**Requirement:** Using the listing below, keep only the lines with the word "from" and copy them.

**Supplied data:**
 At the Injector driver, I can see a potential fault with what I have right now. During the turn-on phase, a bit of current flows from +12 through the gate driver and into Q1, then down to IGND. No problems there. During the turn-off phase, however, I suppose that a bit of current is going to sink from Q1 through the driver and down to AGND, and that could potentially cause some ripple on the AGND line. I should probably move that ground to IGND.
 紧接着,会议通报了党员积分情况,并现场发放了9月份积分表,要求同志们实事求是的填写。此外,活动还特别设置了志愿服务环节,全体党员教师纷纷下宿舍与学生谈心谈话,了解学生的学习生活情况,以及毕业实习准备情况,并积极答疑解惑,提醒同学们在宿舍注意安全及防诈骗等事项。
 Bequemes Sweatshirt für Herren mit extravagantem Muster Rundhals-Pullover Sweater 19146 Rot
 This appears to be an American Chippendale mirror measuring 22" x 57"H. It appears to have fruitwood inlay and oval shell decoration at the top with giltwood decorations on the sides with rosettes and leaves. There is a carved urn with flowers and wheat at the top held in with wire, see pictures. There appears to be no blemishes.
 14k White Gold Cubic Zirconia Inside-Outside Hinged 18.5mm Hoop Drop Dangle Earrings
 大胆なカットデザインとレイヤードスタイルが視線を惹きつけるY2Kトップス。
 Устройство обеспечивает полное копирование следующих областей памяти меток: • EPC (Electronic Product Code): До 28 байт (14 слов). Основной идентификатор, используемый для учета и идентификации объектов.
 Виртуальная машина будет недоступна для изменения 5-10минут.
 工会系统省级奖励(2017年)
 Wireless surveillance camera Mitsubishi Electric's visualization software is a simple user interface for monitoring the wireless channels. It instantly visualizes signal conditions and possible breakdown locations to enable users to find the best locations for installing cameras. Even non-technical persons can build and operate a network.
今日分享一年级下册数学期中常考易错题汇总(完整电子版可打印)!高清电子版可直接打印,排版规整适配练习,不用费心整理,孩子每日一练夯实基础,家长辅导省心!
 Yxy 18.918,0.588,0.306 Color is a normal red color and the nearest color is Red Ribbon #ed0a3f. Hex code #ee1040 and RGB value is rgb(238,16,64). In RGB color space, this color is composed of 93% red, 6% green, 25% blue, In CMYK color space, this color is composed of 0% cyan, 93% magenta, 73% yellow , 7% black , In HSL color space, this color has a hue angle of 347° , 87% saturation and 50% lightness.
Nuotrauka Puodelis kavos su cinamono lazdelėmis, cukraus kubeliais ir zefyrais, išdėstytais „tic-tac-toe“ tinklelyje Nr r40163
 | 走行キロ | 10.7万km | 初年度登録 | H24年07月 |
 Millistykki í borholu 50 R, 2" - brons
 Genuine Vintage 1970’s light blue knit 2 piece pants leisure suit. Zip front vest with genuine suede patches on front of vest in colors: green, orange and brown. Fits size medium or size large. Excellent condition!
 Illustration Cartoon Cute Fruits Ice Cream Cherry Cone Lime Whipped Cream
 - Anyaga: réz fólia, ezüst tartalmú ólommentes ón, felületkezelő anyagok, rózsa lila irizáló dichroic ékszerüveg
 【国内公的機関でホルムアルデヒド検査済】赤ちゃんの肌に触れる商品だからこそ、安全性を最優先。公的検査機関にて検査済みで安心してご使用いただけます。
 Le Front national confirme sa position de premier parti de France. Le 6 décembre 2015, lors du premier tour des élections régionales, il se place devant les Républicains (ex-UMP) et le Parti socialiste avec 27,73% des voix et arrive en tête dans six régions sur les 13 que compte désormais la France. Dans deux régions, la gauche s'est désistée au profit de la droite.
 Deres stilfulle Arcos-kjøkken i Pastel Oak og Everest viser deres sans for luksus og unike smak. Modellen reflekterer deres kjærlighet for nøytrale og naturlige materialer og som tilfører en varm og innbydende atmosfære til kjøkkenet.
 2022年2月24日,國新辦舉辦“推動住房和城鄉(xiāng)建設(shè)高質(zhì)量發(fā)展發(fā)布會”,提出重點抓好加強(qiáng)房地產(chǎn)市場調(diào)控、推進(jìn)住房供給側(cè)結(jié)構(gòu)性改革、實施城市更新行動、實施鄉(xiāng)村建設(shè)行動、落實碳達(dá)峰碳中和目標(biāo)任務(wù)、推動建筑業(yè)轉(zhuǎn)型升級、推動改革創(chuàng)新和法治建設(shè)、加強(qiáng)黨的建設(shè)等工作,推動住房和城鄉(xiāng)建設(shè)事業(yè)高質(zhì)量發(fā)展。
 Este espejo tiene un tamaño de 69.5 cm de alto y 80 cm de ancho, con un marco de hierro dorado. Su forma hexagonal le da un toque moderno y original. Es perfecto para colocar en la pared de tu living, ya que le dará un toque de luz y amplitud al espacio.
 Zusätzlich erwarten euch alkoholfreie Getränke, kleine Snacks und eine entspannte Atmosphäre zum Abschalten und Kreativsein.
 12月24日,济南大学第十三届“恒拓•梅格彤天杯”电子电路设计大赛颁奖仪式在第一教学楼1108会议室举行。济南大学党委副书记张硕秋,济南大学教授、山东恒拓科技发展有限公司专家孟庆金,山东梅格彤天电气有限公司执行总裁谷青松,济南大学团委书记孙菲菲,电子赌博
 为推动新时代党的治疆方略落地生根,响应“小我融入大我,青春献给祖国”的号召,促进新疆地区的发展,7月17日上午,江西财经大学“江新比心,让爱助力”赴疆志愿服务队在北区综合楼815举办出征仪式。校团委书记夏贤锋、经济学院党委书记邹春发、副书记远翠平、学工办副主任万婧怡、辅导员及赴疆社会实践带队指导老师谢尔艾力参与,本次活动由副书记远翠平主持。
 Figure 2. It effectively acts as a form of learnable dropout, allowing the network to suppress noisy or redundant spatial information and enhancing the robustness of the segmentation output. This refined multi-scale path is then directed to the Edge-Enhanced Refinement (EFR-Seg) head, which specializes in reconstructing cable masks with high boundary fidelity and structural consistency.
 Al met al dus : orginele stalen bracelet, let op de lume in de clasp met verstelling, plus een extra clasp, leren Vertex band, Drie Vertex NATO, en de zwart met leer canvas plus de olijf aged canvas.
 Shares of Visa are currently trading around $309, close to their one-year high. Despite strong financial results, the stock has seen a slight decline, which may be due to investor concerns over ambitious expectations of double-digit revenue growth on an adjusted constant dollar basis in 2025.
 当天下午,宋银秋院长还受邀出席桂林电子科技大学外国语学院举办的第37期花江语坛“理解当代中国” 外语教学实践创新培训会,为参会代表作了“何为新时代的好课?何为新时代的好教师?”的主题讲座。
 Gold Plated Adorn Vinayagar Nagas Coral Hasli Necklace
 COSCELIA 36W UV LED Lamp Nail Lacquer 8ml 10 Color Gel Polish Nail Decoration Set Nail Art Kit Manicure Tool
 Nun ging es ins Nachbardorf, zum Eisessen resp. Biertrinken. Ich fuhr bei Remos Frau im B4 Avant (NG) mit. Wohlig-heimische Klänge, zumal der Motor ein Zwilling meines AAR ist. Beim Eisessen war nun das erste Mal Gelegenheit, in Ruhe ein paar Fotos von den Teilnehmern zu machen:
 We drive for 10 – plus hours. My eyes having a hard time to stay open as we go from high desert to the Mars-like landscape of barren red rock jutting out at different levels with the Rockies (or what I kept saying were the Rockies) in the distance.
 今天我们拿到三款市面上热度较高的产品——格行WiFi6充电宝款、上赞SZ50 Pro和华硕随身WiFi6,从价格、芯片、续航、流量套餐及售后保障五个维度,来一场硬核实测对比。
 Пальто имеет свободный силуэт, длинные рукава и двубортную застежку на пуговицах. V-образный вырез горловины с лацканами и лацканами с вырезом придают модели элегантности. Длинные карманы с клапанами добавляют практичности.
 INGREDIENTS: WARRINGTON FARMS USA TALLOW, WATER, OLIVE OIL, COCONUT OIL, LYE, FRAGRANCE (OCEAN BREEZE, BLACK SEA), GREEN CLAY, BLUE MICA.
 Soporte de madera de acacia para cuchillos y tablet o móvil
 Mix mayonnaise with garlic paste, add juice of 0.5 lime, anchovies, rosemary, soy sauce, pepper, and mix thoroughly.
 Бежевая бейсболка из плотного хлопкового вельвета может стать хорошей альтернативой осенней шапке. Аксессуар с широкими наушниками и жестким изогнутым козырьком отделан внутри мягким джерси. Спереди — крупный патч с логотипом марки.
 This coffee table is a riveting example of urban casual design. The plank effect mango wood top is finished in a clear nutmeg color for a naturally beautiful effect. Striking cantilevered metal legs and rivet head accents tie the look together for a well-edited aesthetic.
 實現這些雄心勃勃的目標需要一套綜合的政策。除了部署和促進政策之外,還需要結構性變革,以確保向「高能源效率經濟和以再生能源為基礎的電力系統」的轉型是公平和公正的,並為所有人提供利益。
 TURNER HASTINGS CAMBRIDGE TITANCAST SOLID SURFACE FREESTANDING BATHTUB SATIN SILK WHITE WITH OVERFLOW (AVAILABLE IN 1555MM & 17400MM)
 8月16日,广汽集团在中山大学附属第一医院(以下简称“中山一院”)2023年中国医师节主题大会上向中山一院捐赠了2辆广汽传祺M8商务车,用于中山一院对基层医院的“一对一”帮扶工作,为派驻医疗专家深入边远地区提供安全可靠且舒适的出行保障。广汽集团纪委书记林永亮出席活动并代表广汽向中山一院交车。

**Problem solution:**
 At the Injector driver, I can see a potential fault with what I have right now. During the turn-on phase, a bit of current flows from +12 through the gate driver and into Q1, then down to IGND. No problems there. During the turn-off phase, however, I suppose that a bit of current is going to sink from Q1 through the driver and down to AGND, and that could potentially cause some ripple on the AGND line. I should probably move that ground to IGND.
 We drive for 10 – plus hours. My eyes having a hard time to stay open as we go from high desert to the Mars-like landscape of barren red rock jutting out at different levels with the Rockies (or what I kept saying were the Rockies) in the distance.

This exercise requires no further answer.